The pit was marked by a windlass and four red flags on bamboo. A small petrol-motored winch chuffed unattended. Beyond the windlass, a sailor with a hand-model radio waited for communiques from below.

“The edges are presumed to be firm,” said the lieutenant. “But don't go too close.”

At once the cameramen danced forward for footage of the burial pit. Hammond and his brothers stretched their necks for a view, on one side, of the blue-white terraces and, on the other, of the straight, blue-grained depth that was the wall. Ramsey and Belle edged least of all, taking quick, wary squints that sensed but did not verify a hint of fluorescence at the bottom, where the digging soundlessly went on.

The officer called across the mouth. “Anything?”

“Nothing, sir.”

He came to Belle's side and within earshot of Ramsey. “We can't afford to be too hopeful. I hope you don't mind those people.…” He gestured obliquely at the pressmen. “I suppose it's their version of reverence. But things are being done better down below.”

Belle nodded. Weak in the knees, cringing within, Ramsey still heeded how the slow, weighty nod signified grief in the fibre, grief taken in and made so intimately part of her essence that tears were beside the point.

Awed by her, the lieutenant led the press team back to the edges of the site and left both mourners huddled in remembrance. Forced thus to take his passive part in the tableau, Ramsey listened to the murmur of shutter mechanisms somewhere behind him. In the name of networks, the pious moment was recorded.

“Belle,” said Ramsey, forestalled by the whirring voice of public opinion at his back from speaking as ironically as he should, “do you think, perhaps, after all this, you ought to take a rest indoors?”

“Yes.” Her voice was even. “Isn't it startling the way one's glasses ice up on the insides?”

What, of course, he feared from Leeming's removal, was a change in the essence of his life, a change as absolute as death. His fear felt strangely deep, as if room was left on upper levels for a show of politeness to the press and a thin crust of sanity. Modified hope and disappointment had simultaneously risen in him, now that he had seen the icecap that sat on Leeming, the barrenness of the pit, the poor tools to hand.

So he answered the questions of the pressmen, all the while playing with what was a grotesquely diverse lunch to be served on a glacier—rice and meatballs, slaw and chilli, corn and peas. When they asked him what he had thought when he saw the pit he managed them without panic.

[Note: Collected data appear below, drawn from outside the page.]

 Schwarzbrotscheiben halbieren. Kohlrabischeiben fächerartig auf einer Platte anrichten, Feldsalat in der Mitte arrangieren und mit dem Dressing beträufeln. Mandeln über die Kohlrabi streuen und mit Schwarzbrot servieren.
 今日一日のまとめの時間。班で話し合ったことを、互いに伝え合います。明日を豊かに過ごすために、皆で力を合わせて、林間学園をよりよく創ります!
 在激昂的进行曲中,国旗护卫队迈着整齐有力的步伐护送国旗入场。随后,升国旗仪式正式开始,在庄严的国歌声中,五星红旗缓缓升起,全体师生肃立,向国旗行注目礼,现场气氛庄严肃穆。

“I was numb,” he murmured. “Please.…”

“Yeah,” they agreed, understanding all and nothing. They would drain him in season. For the moment, they tried more chilli.

There were glaciologists, too, at table, men from the neighbour pit to Leeming's. Like the sailors who came in for coffee, they were going home soon, their data complete, their kudos increased, carrying stuffed penguins for their kids—made-in-New-Jersey penguins that were sold in the PX at McMurdo. The season had been looted of its best days; no presumption gripped the mess that anything more would be yielded up. The atmosphere of coming departure soothed Ramsey.

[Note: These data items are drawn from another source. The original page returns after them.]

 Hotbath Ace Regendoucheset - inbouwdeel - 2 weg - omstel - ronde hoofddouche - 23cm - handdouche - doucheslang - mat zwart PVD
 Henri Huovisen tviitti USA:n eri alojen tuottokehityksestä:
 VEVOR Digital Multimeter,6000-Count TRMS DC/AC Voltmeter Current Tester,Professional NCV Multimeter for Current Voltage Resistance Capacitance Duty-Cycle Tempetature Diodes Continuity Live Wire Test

The lieutenant came round, telling his guests that their helicopter had just left McMurdo Sound.

All lumbered to the pit again. The mourning party of Belle, Ramsey, and the officer went ahead; the witnesses followed. Deserts were suggested by the harsh afternoon light, the winch made small, dry noises, drew up a hodful of ice, and dumped it on the north side of the pit. Helped by such tired sounds, Ramsey sensed the presence of all the elements that go to make a non-event. He might not have been able to itemize them, yet they subsisted in the perduring light, in the afternoon that would not end but grow to dusk at midnight, in the unzealous mechanisms detailed for the dead's recovery, in the shuffle of sixteen inexpectant feet. There would be no apt resurrection today, at Ramsey's feet and Belle's. No flair for the appropriate resided in the corpse: perhaps Ramsey had visited the glacier simply to verify the powerlessness of those remains. If he felt let down by the fact he felt also reprieved, readmitted to the warm nastiness of the concrete world. What especially appealed to him was that he
would
use the return page of his Melbourne-Christchurch air-ticket, that it had validity to bring him back from the zone of metamorphosis.

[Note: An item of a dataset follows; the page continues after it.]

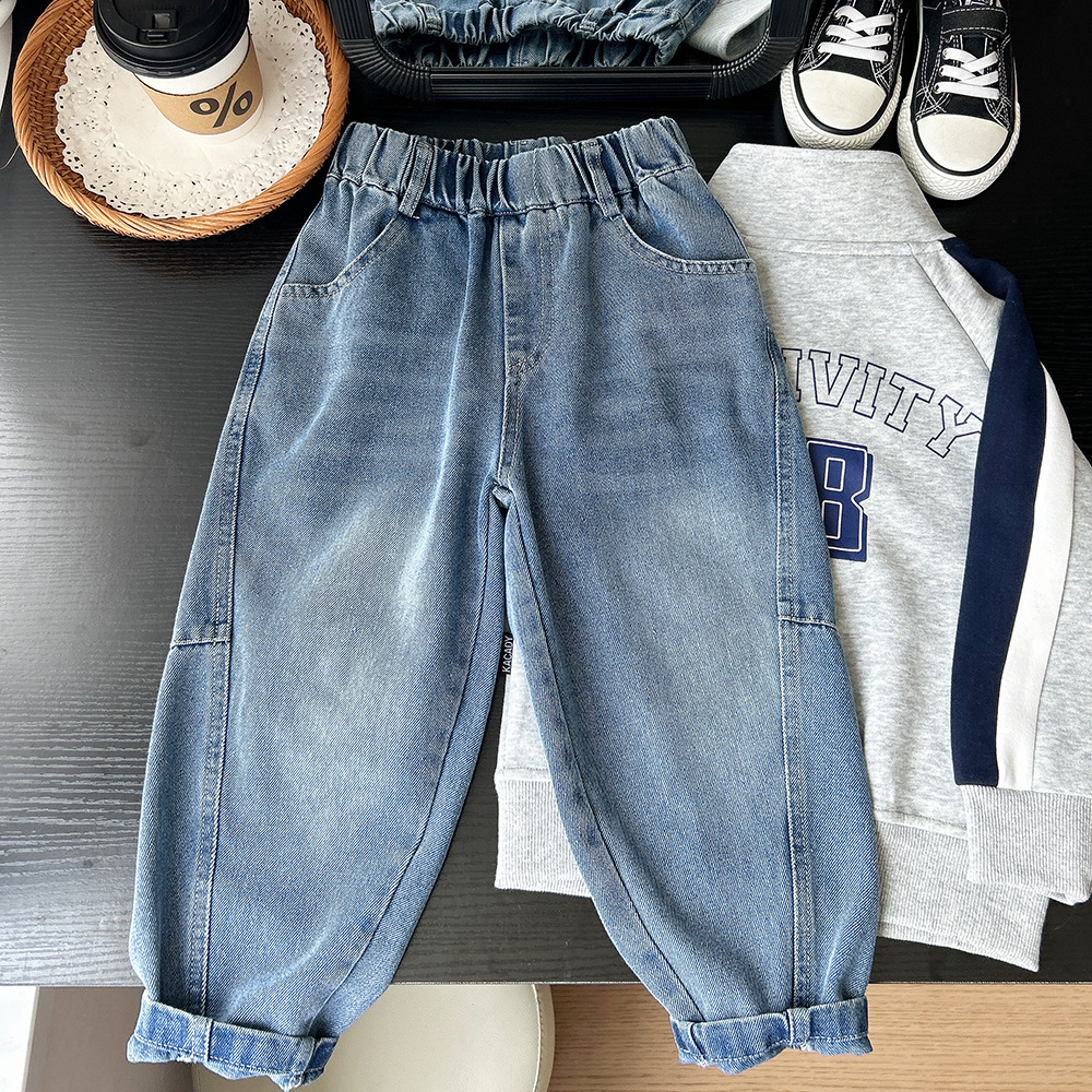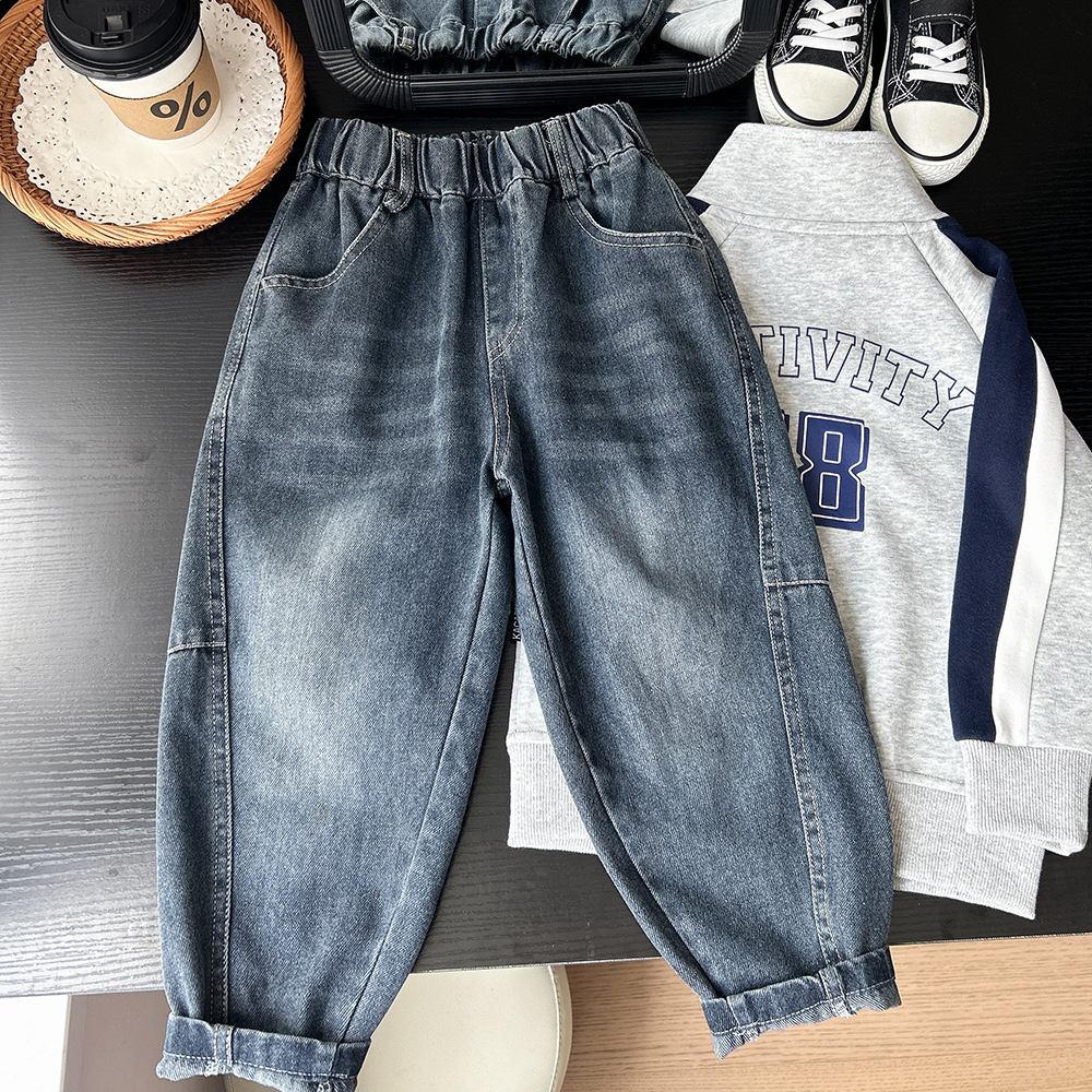 2025 가을 아동복 소년과 어린이 유행 가정용 아동복 공급 접합 수염 스트레이트 데님 바지 도매스토어 가기

There was a large youth pouncing towards them at the trot who stood at last before the lieutenant. Urgent mutterings shuttled between the two of them. Ramsey heard the boy say, “… so hard they're digging round it with their hands.”

The officer spoke to Belle, who gave quick, acquiescent nods as if she was one of the lieutenant's men. “I'm going down,” the lieutenant then said aloud. “There seems to be something.… This man will take you all on to the pit.”

Immediately Hammond was at Ramsey's elbow.

“Alec, what was it he said? Are there indications …?”

Ramsey's legs seemed gone. He felt himself to be fettered in the viscous manner of dreams.

“He's gone down to see. Oh, ghouls rejoice!”

“They will indeed,” said Hammond, presuming easily that Ramsey was making a judgment on a national basis. Ramsey turned his back.

Before him the pit gave out thin metallic noises of haste rising to the surface with something like a fluid speed. Like a clockwork ascension. He felt some iron bubble of panic fly up from his belly and stick at the narrow gate of his throat. Yet even as the clamour reached climax he mocked his lack of reason. Was it, he asked himself, the crude possibility of an ice-harrowed Leeming rising in his sight, flat and brown as a Byzantine Christ?

It proved to be the lieutenant on the ladder. Before fully emerged he began broadcasting orders; the evening watch to be roused, recovery gear to be fetched. And a chair for Mrs Leeming. At glacier level he peered concernedly at Belle and asked her if she was wise to remain. Momentarily, Belle's face crumpled, an old page licked by flame. One tear was given off by her left eye.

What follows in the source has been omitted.